実はここで示されたコミットメントほど明確に自らの将来の金融政策変更の条件を明らかにしている中央銀行は無い。もちろん、かなりの国においてインフレーション・ターゲティングの枠組みが採用されている。その場合、基本的には将来のインフレ率の見通しが現在の政策の重要な決定材料となる。しかし、ある特定の期間のインフレ見通しがX%を超えればYという政策手段を発動する(あるいは超えなければ発動しない)というような明確な公約をしている中央銀行は他に存在しない。この理由としては、一部の中央銀行は、狭い意味でのインフレ率の安定化のみを追求しているわけではないことを指摘できよう。また、ある期間後のインフレ率に関心があったとしても、そこへのインフレ率の道筋、その後の動向にも関心を持たざるを得ないだろう。言い換えれば、長い期間にわたっての物価安定に責務を負う中央銀行にとっては、5年後のデフレを避けるために、2、3年後の若干のインフレを甘受するというような判断も有り得るからである。9
9 2003年9月16日のFOMC議事要旨は、FEDが現在弱い形での時間軸政策を採用していると見られるにもかかわらず、こうした将来の金融政策についてのコミットメントを行うことに対する反対論がかなり強かったことを示している。 こうした類を見ない強いコミットメントは、時間軸効果により現在の景気回復をサポートし、デフレ克服への道筋をつけようという日本銀行の強い意志を現している。10 量的緩和への強いコミットメントは、将来における金融政策の次のステージへの移行を遅らせてしまう可能性を内包するものではある。しかし、デフレが弱まりつつあるとはいえ長期化している状況下では、こうした可能性に伴うコストは、強い時間軸効果で得られるベネフィットを下回っているという判断が背景にある。また、さらに引き続き、まだ十分には回復していない金融仲介機能を側面から支える手段が無いかどうか模索していきたい。

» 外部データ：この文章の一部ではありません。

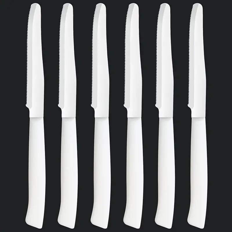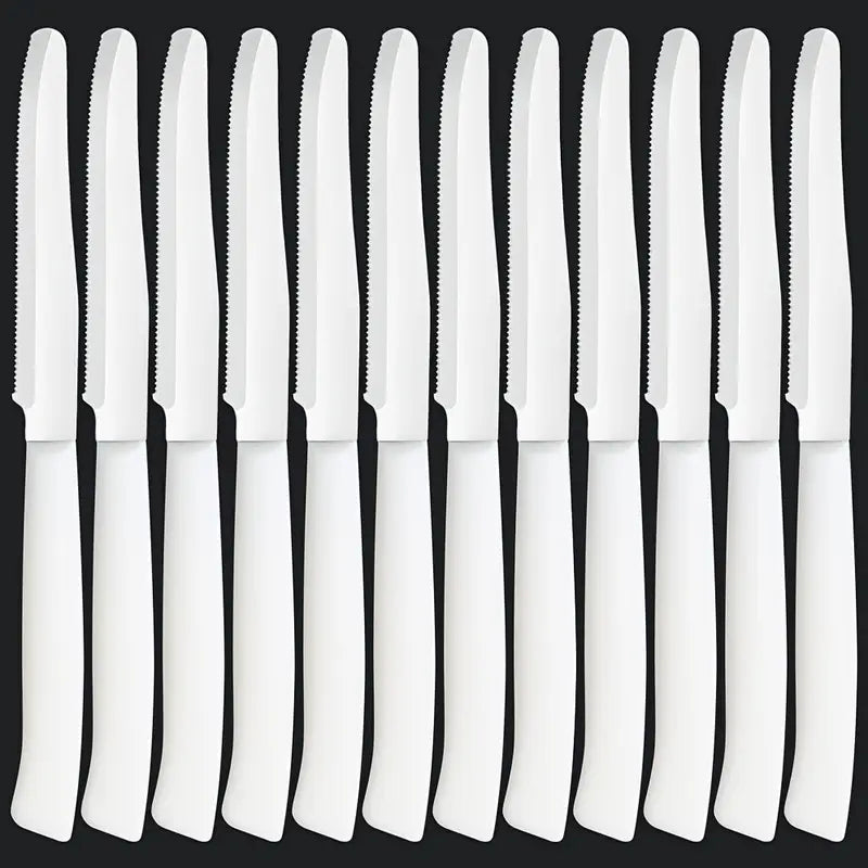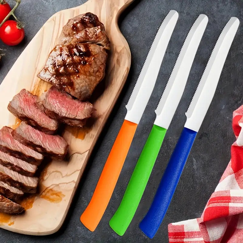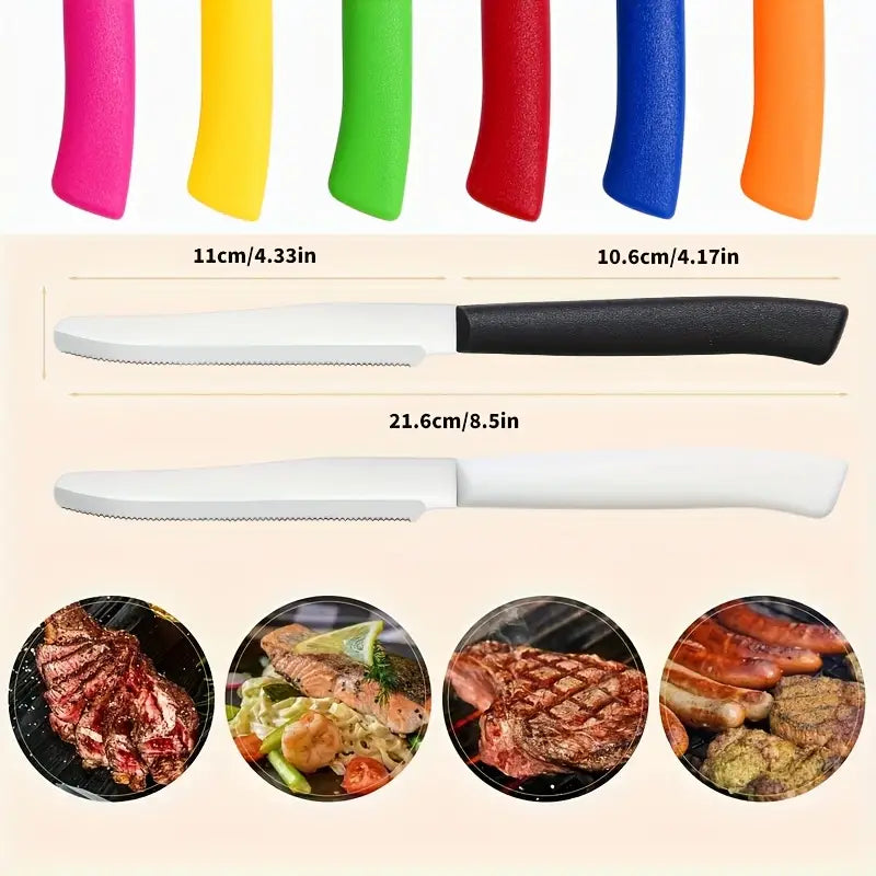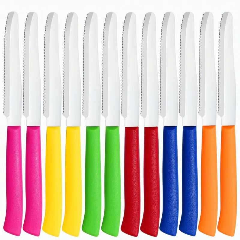 Upgrade your dining and kitchen essentials with this 6/12pcs Multicolor Stainless Steel Steak Knife Set. Featuring sharp serrated edges, these knives are perfect for steak, bread, desserts, and everyday dining. The ergonomic non-slip handles ensure a comfortable grip, while the durable stainless steel blades are rust-resistant and dishwasher safe for easy cleaning. Ideal for outdoor picnics, home cooking, restaurants, and pastry shops, this all-season knife set combines vibrant style with long-lasting functionality.

10 より強いコミットメントとしては、(インフレーション・ターゲティングに対して)いわゆる物価水準ターゲティングが考えられる。この下では、ある特定の目標物価経路を想定し、そこへ現実の物価経路が到達することを政策の目標とする。従って、現実の経路が目標を下回るほど、将来はより高いインフレ率が必要となる。こうした政策を主張している例としてEggertsson & Woodford (2003) がある。しかし、こうした政策には、現実にデフレが長引いた結果、例えば5-10%のような高率のインフレが必要になった場合に、実際にインフレ率が高まりはじめた時に、政策当局はそうした高率のインフレを容認しない可能性(時間的非整合性の問題と呼ばれる)、従って枠組み全体が信頼されないリスクが存在する。
参考文献
植田和男(2003)「日本の「デフレーション」と政策対応」奈良県金融経済懇談会における説明要旨、日本銀行ホームページ。
中村純一(2003)「設備投資はこれまでのように景気を牽引するか」『エコノミスト』、11月18日号。
モーガン、ピーター(2003)「デフレと成長率」HSBC証券、東京支店調査部。
Eggertsson, G. & M. Woodford (2003) "The Zero Bound on Interest rates and Optimal Monetary Policy," Brookings Papers on Economic Activity, Vol.1.
Federal Reserve Board (2003) Minutes of the Federal Open Market Committee, September 16.